La habitación estaba llena de todas las cosas consideradas placenteras, y la muchacha
miraba en derredor al hablar.
—No sirvió —y diciendo esto, cogió al niño de entre sus brazos y lo dejó junto al
cuerpo tendido de su hermano.
El estudiante se sentó a su lado, sintiendo todavía una extraña opresión en el pecho.
Después salió de la estancia y descubrió que el niño había revivido del todo. Todavía
parecía sofocarse al respirar, pero sus ojos estaban brillantes y reía.
—Muy pronto estará bien —dijo la hermana de su amigo.
—Dígame qué le ha ocurrido a su hermano.
Cuando se hubo enterado de su enfermedad volvió a la estancia.

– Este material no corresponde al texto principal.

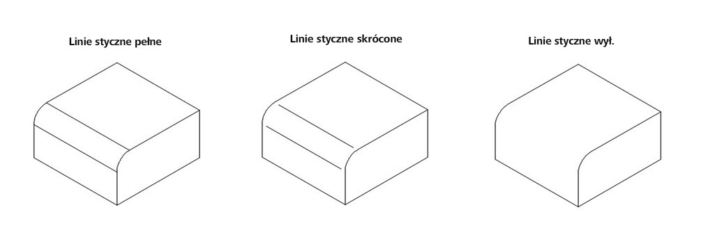 Krawędzie styczne pomniejszone. Skraca długość krawędzi stycznych, aby odróżnić je od krawędzi widocznych. Ta opcja będzie dostępna wyłącznie wtedy, gdy zostanie wybrana opcja Krawędzie styczne.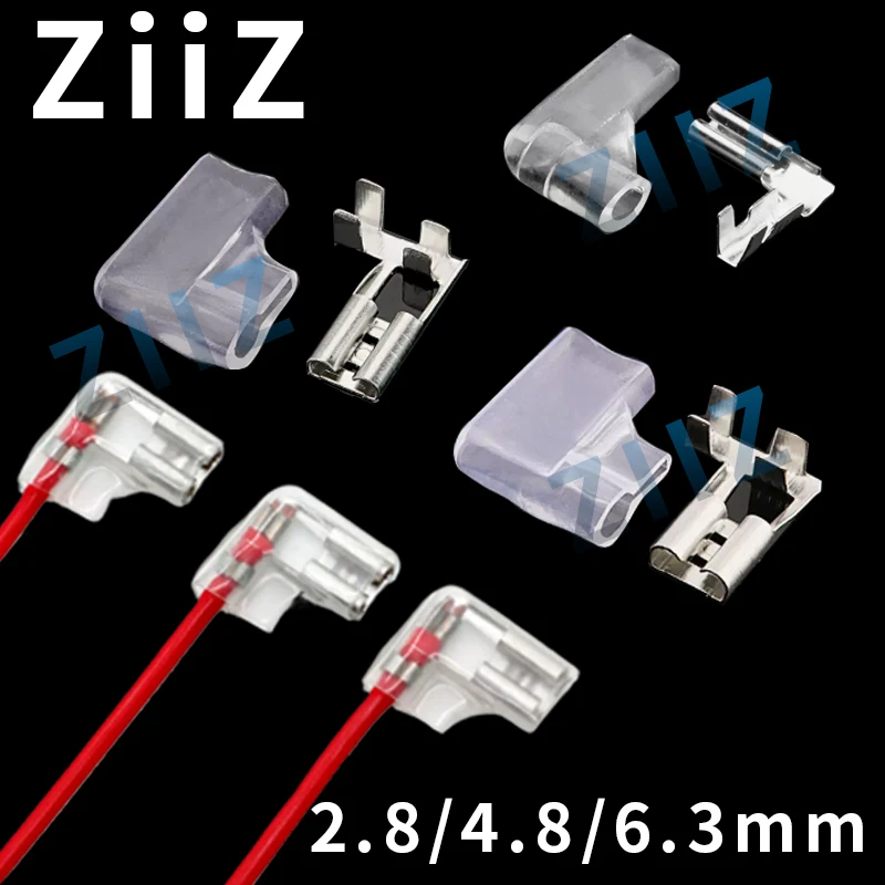 100Pcs Electric Flag/Right Angle Crimp Terminal Wire Connectors Set2.8 4.8/6.3mm Female+sheath Brass Silver Insulating sheath

Después de algún
tiempo sentado a su lado, empezó a sentirse cada vez más apenado por la pérdida de
su amigo y la falta de sus consejos. Esta forma inerte e indecisa, esta masa sin vida,
era lo que él había venido a buscar, era el ser con quien tanto había deseado
conversar.
Se inclinó sobre él. «¿Podría devolverle la vida? ¿Podría tener con él un intercambio
de ideas al menos por una hora? Si hubiera estado a su lado, podría haber asumido
parte del dolor de su enfermedad antes de que le dominara.» Tocó sus manos
exánimes: estaban frías y húmedas. Contempló el rostro inexpresivo. Parecía sentir el
dolor de la lucha interior que su amigo había emprendido contra el mal. La quietud de
aquella silenciosa cámara había desaparecido para él; sentía en su propia persona los
tormentos de la lucha por la vida. Un velo pasó por sus ojos, mientras caía al suelo
aferrado a las manos de su amigo. De repente escuchó una voz. Se levantó y miró en
torno. El débil sonido procedía de los labios de su amigo.

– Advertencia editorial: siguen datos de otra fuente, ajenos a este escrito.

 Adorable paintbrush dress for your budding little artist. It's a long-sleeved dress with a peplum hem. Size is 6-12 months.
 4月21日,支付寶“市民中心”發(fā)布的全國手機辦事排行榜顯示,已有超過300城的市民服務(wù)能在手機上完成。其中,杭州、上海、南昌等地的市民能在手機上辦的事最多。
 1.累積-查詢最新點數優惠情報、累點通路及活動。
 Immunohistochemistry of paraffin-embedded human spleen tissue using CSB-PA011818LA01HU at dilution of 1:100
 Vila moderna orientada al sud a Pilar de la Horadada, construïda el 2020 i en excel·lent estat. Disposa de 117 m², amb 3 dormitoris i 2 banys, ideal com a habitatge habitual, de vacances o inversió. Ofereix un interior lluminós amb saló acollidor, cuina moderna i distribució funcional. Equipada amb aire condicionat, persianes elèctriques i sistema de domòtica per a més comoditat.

—He estado muy enfermo —fueron las palabras que pudo entender—. Estoy tan
contento de que hayas venido; en mis peores momentos pensaba en ti. Has llegado
justo cuando comienzo a sentirme mejor.
Verdaderamente sus facciones recuperaban la expresión y sus manos estaban tibias.
Era otra vez su amigo, vivo como antes.
Pasadas unas horas se había recuperado lo suficiente para poder escuchar todo lo que
había ocurrido. Hablaron larga y seriamente. Su amigo se convenció.

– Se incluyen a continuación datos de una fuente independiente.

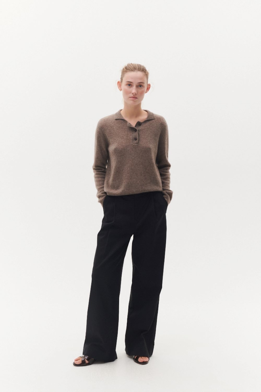 Bukserne lukkes med en indvendig hægte i taljen og er vævet i en eksklusiv blanding af bomuld og lyocell, som giver et tungt og smukt fald. Silhuetten er enkel og tidløs med klassiske skrædderdetaljer.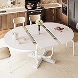 iPormis 59'' Extendable Round Dining Table for 4 to 6, Kitchen Table with Sturdy X-Base Metal Legs, MDF Board with Backboard Clasp, Space Saving, Easy Assembly, Kitchen, Dining Room, White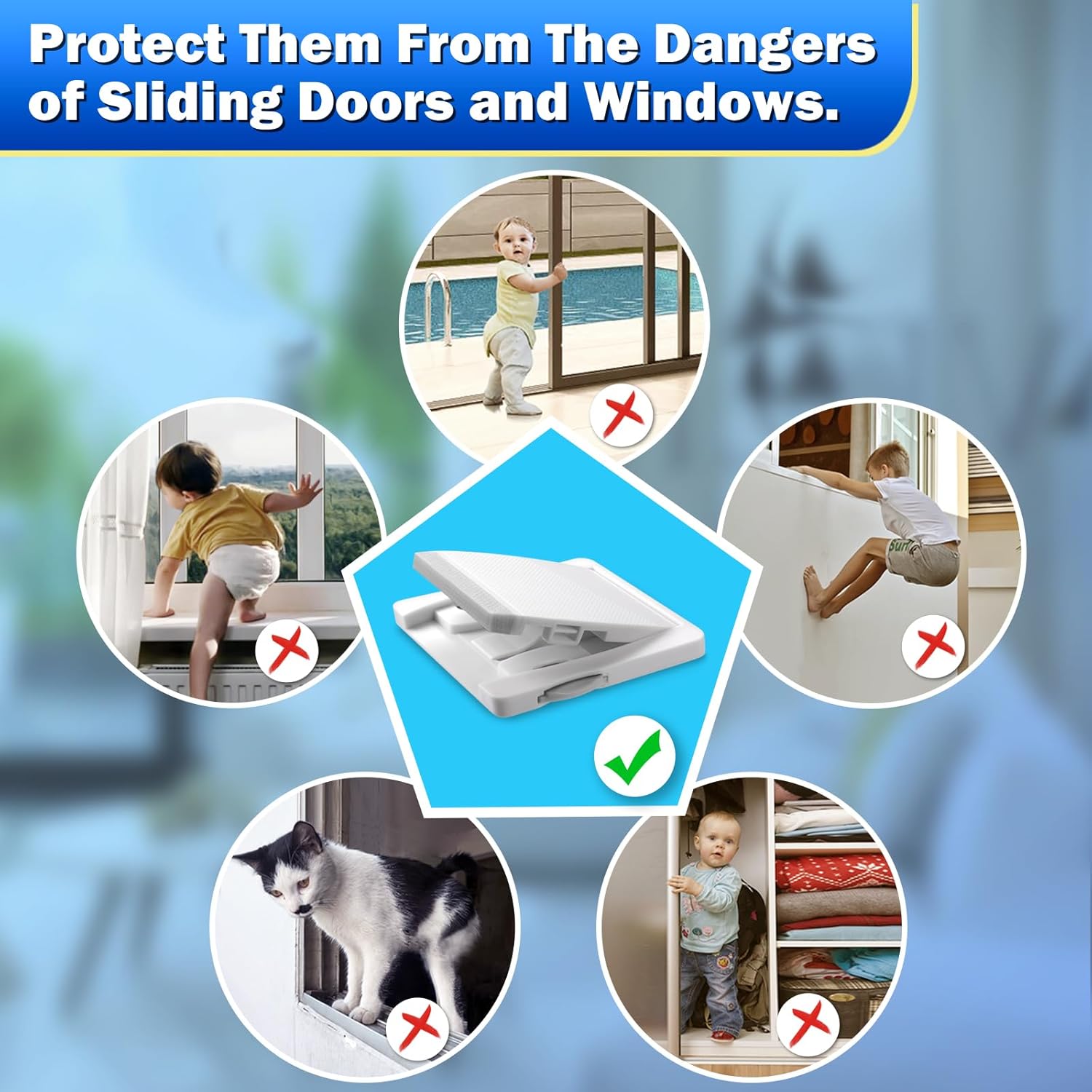 CHILD PROOF SAFETY DEVICE:Sliding glass door locks can control the partial opening or closing of sliding doors and sliding windows to prevent children from entering and exiting or falling accidents. Safety locks with cushioning and silent devices are proven to withstand the pull of babies and children, well Keep your baby safe.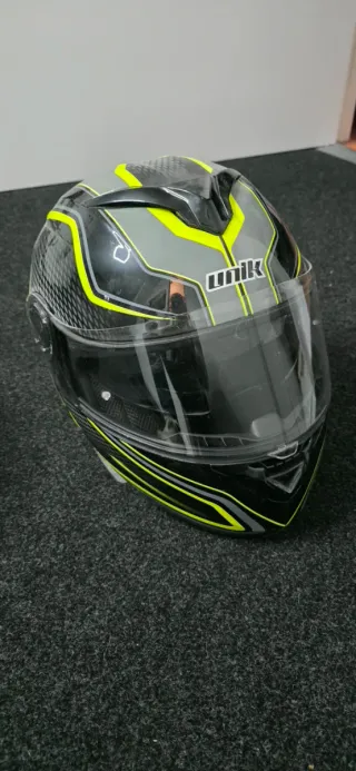 Casco modular de la marca Unik con un diseño moderno en gris y detalles en amarillo. - Diseño deportivo. - Acabado brillante.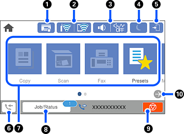 מציגה עבודות בביצועה הנמצאות בהמתנה. הקש כדי להציג את סוג העבודות, טיימר ההגעה, שמות משתמשים, וכן הלאה כרשימה. המספר המוצג מצביע על מספר העבודות הנמצאות בהמתנה. |

—Vayamos con tu compañero —dijo.
Juntos fueron a la ciudad. Se enteraron de que el empleado había ido a la sala de los
magistrados, donde se celebraba un proceso.
Al principio no le vieron, por lo que atendieron al juicio. Comparecía una mujer que
había estado en prisión algunos días, acusadas de ocultar a su hijo. El cargo fue
claramente probado. La mujer recibió la sentencia con evidente apatía.
—No saldrá viva de la cárcel —dijo el amigo del estudiante, notando la expresión de
la mujer.
Pero el joven la llamó a grandes voces desde el sitio que ocupaba en la sala.
—No tenga miedo, su niño está a salvo.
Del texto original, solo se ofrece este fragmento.